┌──
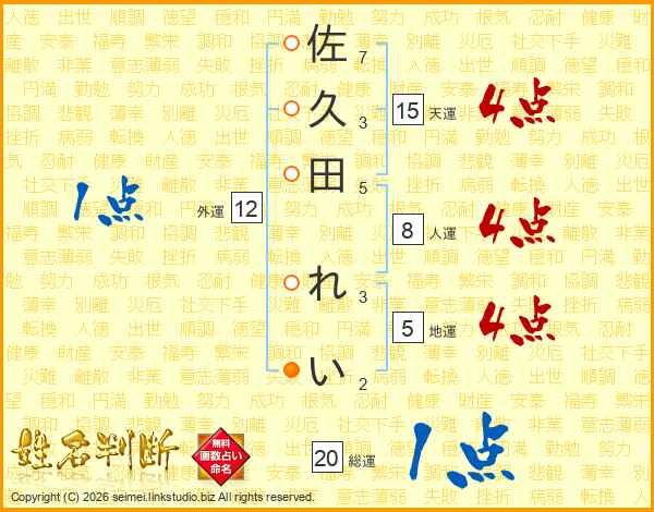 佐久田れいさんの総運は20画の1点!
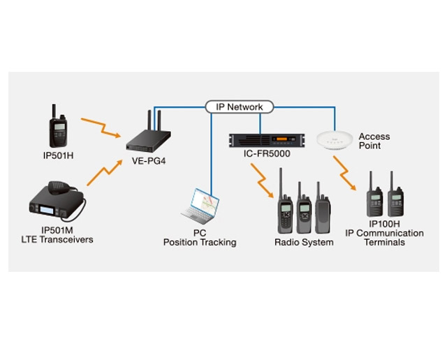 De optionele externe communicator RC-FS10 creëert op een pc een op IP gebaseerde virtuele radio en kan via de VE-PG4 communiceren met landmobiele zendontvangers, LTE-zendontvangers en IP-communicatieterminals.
└──
┌──
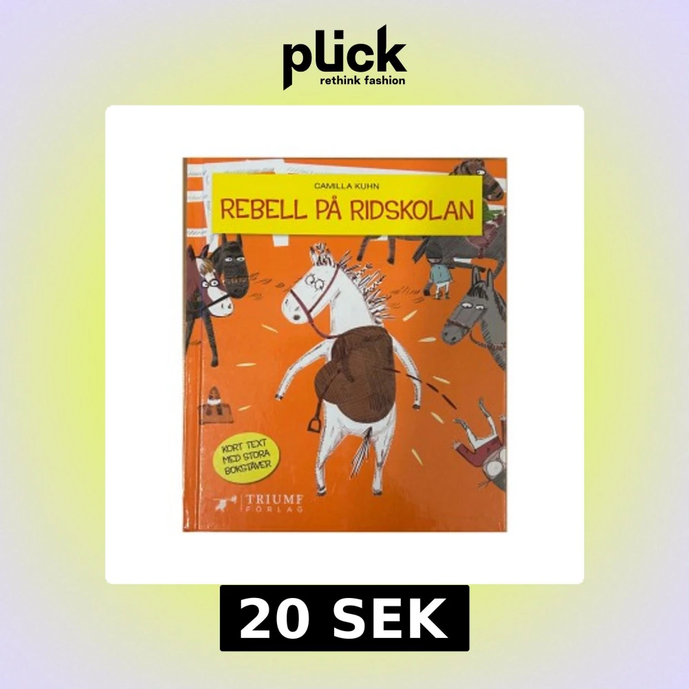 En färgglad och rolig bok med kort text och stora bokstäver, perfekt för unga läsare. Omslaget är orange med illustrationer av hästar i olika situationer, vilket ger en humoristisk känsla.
└──
REQUIRED ACTION: The stretch above running from the line with "佐久田れいさんの総運は20画の1点!" through the line with "De optionele externe" is all you should copy, exactly, leaving out the pictures.

ANSWER BOX:
 佐久田れいさんの総運は20画の1点!
 De optionele externe communicator RC-FS10 creëert op een pc een op IP gebaseerde virtuele radio en kan via de VE-PG4 communiceren met landmobiele zendontvangers, LTE-zendontvangers en IP-communicatieterminals.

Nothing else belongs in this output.